======== EXCERPTED DATA
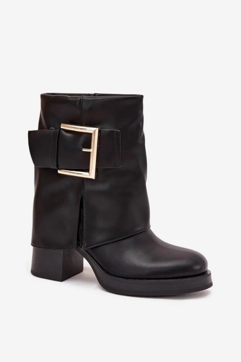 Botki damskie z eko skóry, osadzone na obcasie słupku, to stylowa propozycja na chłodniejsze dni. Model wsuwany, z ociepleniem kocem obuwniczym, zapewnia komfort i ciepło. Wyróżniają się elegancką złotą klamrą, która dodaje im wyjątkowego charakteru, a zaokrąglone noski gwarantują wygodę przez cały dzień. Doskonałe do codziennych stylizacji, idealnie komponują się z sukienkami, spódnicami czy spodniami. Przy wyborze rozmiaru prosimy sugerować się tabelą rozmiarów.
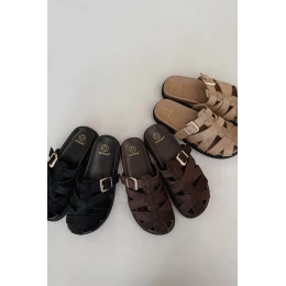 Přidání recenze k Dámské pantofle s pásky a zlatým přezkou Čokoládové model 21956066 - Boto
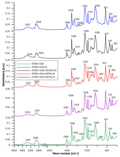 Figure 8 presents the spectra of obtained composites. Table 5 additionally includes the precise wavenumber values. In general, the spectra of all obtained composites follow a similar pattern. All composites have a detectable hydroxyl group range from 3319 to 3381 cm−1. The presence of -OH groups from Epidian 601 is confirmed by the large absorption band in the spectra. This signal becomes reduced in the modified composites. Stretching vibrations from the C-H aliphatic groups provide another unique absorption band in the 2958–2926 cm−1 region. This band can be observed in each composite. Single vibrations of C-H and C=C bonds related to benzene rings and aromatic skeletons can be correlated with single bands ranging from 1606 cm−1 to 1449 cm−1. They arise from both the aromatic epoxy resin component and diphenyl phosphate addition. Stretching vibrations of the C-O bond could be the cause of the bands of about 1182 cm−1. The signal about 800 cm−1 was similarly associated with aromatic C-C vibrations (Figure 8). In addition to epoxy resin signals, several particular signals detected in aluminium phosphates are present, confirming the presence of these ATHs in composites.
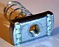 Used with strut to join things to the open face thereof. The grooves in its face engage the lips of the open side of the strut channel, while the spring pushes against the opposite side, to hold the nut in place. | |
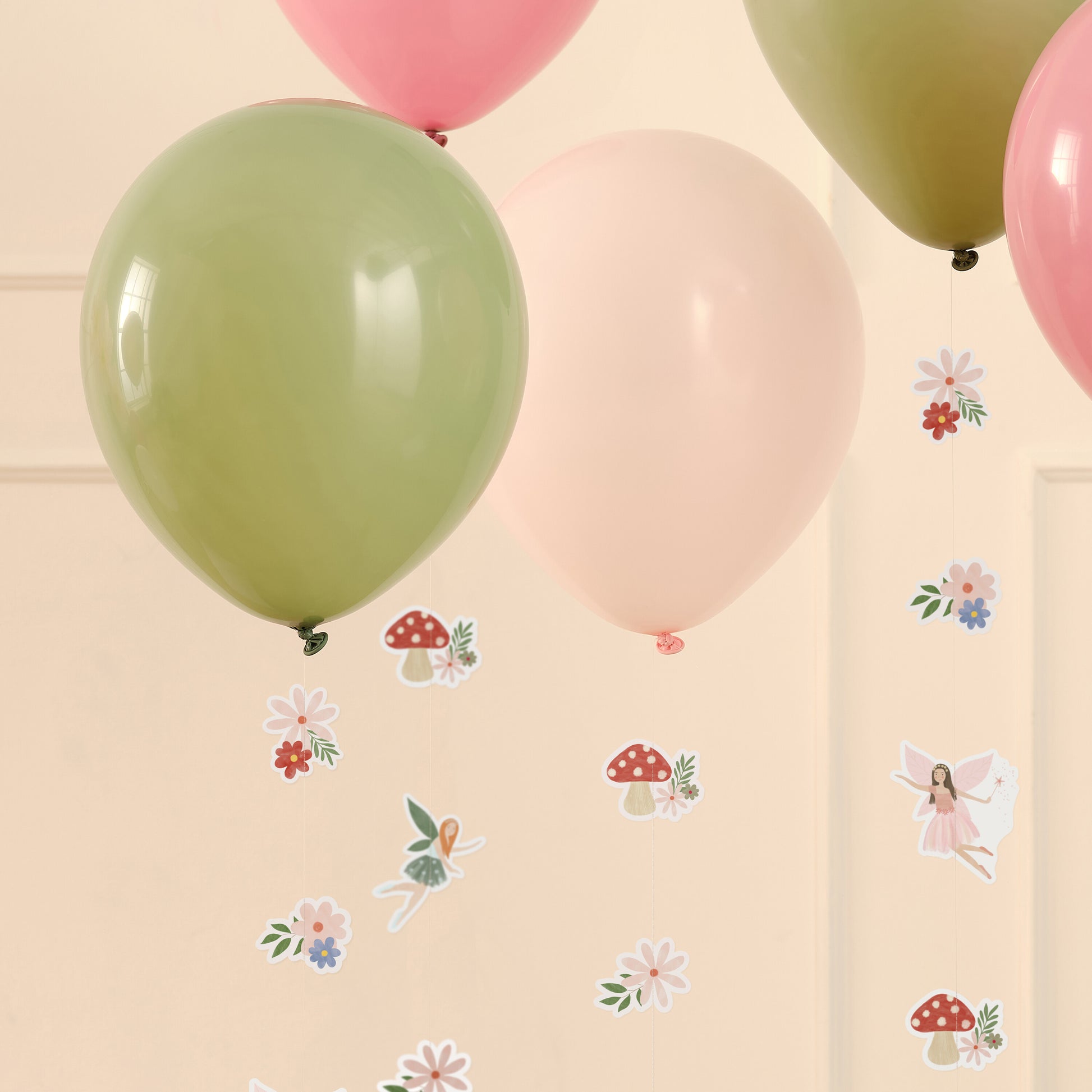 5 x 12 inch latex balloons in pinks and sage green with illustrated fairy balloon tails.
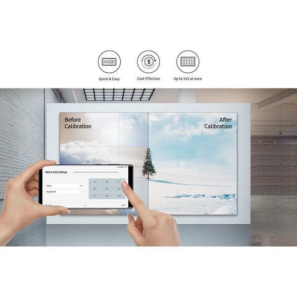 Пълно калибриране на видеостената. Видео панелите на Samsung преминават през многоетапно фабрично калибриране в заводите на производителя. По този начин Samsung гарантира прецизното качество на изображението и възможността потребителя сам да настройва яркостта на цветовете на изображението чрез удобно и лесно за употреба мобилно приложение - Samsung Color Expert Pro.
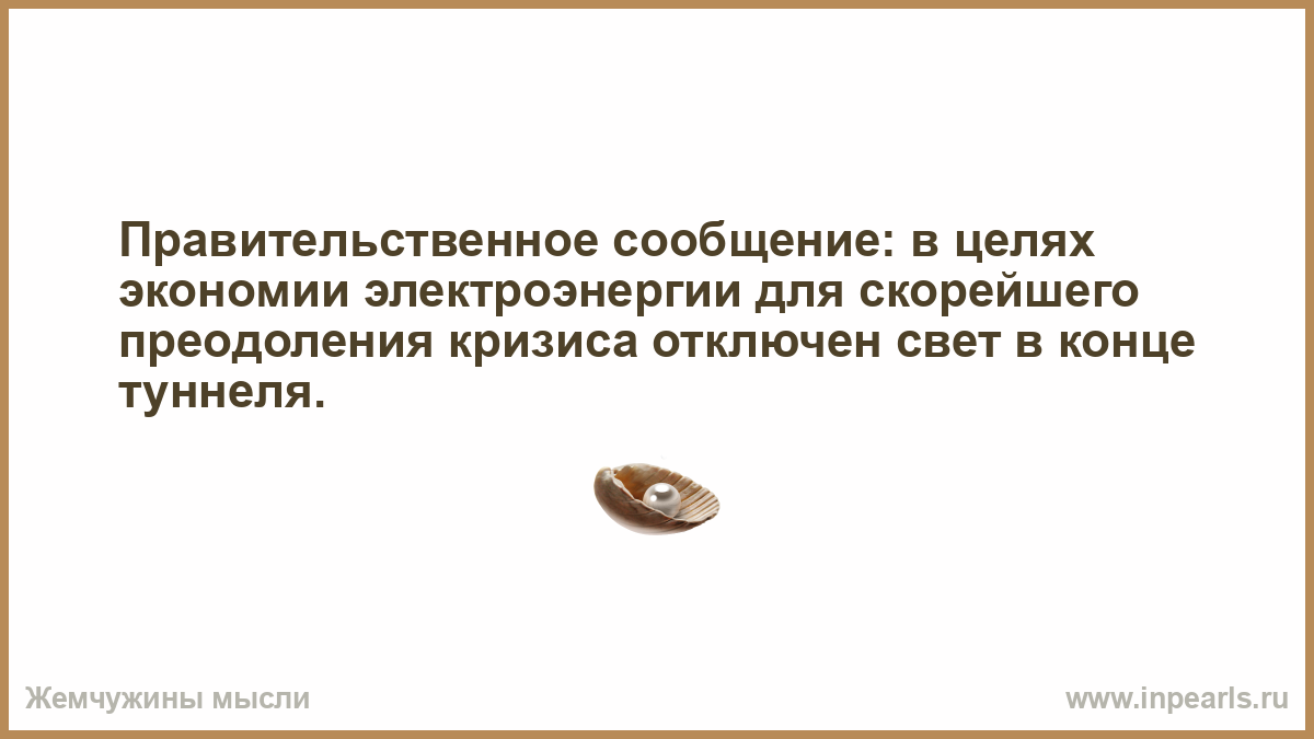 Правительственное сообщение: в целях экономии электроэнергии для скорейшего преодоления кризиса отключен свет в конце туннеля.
================
======== EXCERPTED DATA
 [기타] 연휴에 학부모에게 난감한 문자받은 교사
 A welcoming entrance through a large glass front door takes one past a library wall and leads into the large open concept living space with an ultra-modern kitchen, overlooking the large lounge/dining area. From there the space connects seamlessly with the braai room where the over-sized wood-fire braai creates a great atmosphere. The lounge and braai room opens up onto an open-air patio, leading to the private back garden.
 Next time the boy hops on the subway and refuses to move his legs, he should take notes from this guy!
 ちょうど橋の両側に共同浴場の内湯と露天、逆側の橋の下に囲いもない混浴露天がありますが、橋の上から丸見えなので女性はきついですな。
================
======== EXCERPTED DATA
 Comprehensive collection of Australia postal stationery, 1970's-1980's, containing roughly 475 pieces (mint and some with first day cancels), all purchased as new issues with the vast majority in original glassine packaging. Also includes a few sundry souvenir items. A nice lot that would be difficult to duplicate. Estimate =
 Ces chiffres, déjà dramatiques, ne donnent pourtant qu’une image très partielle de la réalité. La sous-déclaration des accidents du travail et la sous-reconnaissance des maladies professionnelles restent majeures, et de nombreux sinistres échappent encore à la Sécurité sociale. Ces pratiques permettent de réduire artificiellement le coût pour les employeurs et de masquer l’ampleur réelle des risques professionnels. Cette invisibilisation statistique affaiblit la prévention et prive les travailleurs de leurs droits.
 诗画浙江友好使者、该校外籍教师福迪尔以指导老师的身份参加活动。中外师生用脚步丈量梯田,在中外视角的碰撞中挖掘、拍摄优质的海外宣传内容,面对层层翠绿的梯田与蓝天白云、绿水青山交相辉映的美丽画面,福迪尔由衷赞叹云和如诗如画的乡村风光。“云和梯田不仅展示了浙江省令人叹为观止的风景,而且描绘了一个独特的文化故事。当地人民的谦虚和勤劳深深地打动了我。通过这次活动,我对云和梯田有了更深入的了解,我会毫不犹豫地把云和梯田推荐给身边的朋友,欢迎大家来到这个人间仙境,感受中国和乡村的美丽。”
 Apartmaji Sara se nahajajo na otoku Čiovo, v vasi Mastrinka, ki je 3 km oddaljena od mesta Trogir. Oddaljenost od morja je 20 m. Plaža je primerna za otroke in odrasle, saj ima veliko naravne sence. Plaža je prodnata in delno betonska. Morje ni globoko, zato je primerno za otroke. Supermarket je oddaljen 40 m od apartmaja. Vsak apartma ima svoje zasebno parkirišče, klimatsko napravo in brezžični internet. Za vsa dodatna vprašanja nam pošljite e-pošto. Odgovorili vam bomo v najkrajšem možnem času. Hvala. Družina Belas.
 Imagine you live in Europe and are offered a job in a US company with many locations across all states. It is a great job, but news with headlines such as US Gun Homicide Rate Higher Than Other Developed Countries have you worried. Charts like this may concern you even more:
================
TO DO: Line for line, output the entries above from the line with "Used with strut" to the line with "Правительственное сообщение: в целях", both included, and nothing more. Skip pictures.

RESPONSE:
 Used with strut to join things to the open face thereof. The grooves in its face engage the lips of the open side of the strut channel, while the spring pushes against the opposite side, to hold the nut in place. | |
 5 x 12 inch latex balloons in pinks and sage green with illustrated fairy balloon tails.
 Пълно калибриране на видеостената. Видео панелите на Samsung преминават през многоетапно фабрично калибриране в заводите на производителя. По този начин Samsung гарантира прецизното качество на изображението и възможността потребителя сам да настройва яркостта на цветовете на изображението чрез удобно и лесно за употреба мобилно приложение - Samsung Color Expert Pro.
 Правительственное сообщение: в целях экономии электроэнергии для скорейшего преодоления кризиса отключен свет в конце туннеля.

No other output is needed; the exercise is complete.